A coding implementation for structure

In today’s information -rich world, it is crucial to find relevant documents quickly. Traditional keyword -based search systems often fall short when dealing with semantic significance. This tutorial demonstrates how to build a powerful document search engine using:

  1. Hugging Face’s embedded models to convert text to rich vector representations
  2. Chroma DB as our Vektordatabase for effective equality search
  3. High -quality term transformers

This implementation enables semantic search features – finding documents based on meaning rather than just keyword matching. At the end of this tutorial you have a working document search engine that can:

  • Process and embedes text documents
  • Keep these embeddings effectively
  • Download the most semantic similar documents for any inquiry
  • Handle a range of document types and search needs

Follow the detailed steps mentioned below in order to implement DocSearchagent.

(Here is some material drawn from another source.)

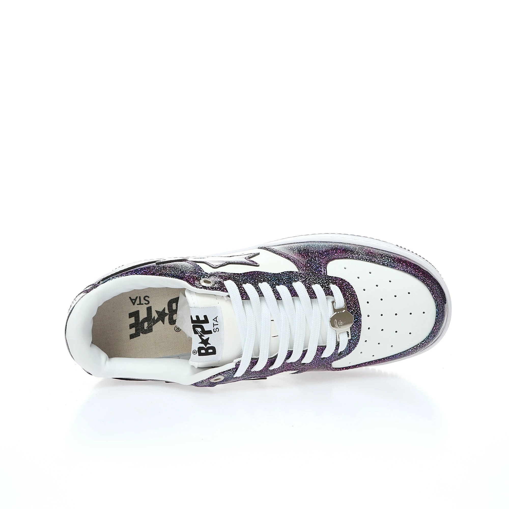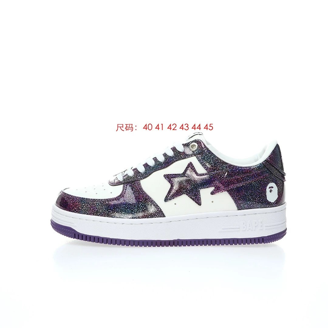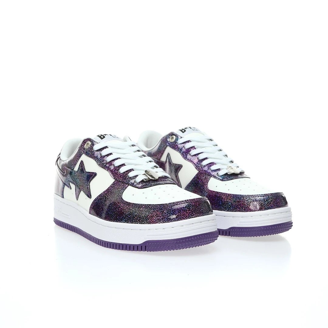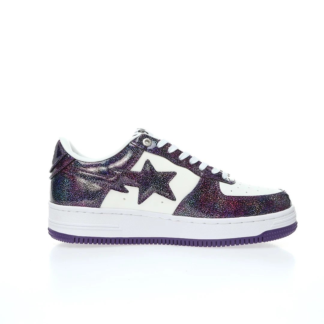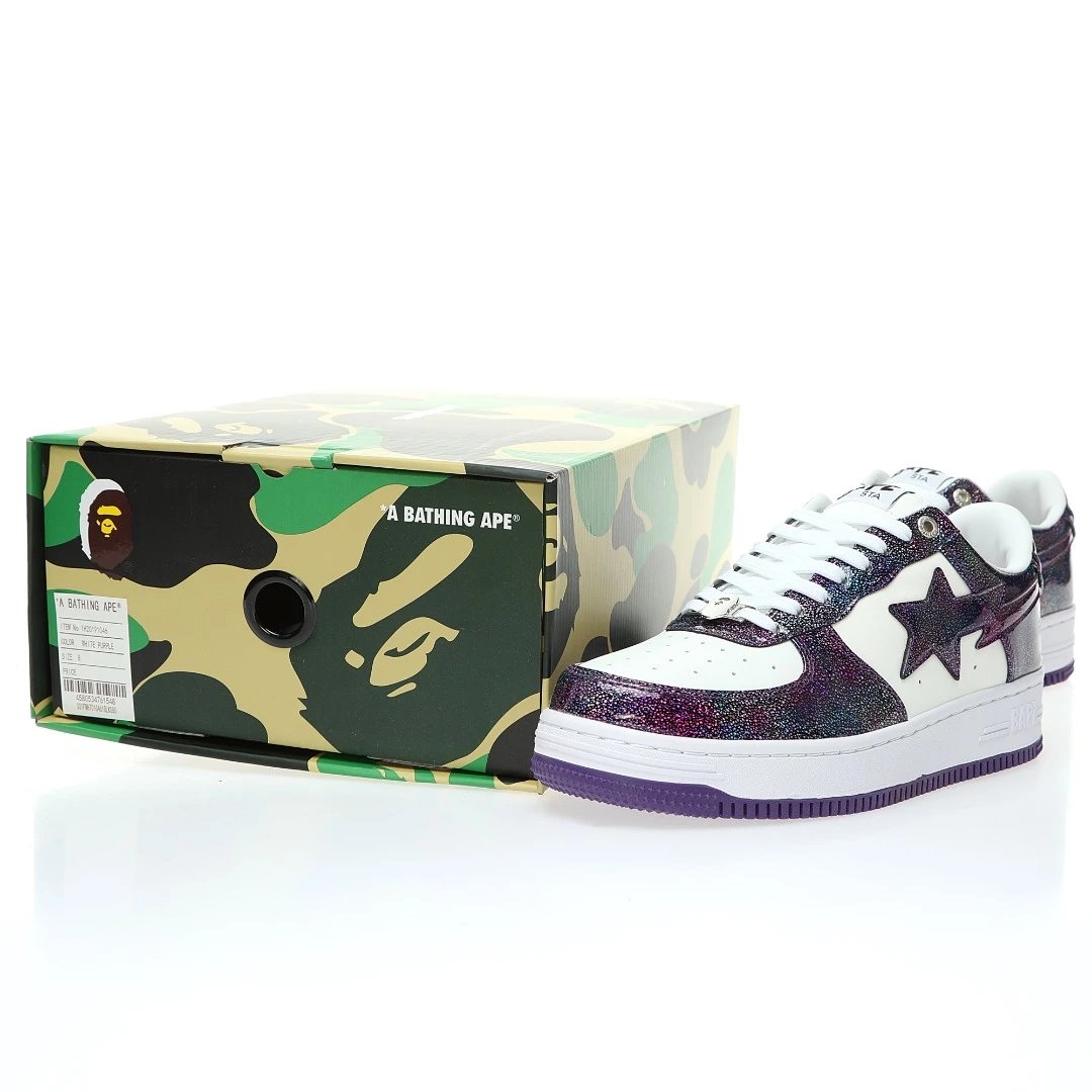 BAPE Sta Low Men's Casual Sneakers use patent cow split leather upper, thick durable rubber outsole, hard drawer box & dust bag.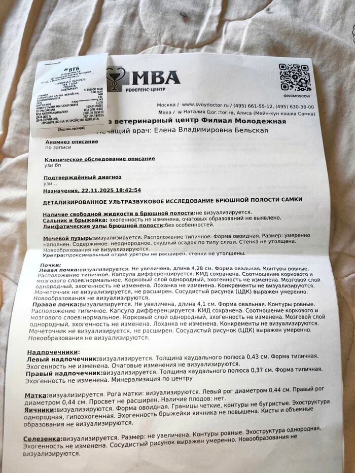 Алиса на узи вела себя максимально спокойно 😴 мы ее держали для приличия, ассиссент за задние лапы, я за передние, а Алиса спокойно лежала, под конец вообще так расслабилась, что балдёжно вытянула все лапы ..))

First, we need to install the necessary libraries.

!pip install chromadb sentence-transformers langchain datasets

Let’s start by importing the libraries we use:

import os
import numpy as np
import pandas as pd
from datasets import load_dataset
import chromadb
from chromadb.utils import embedding_functions
from sentence_transformers import SentenceTransformer
from langchain.text_splitter import RecursiveCharacterTextSplitter
import time

For this tutorial we use a subgroup of Wikipedia articles from Hugging Face Data’s library. This gives us a different set of documents to work with.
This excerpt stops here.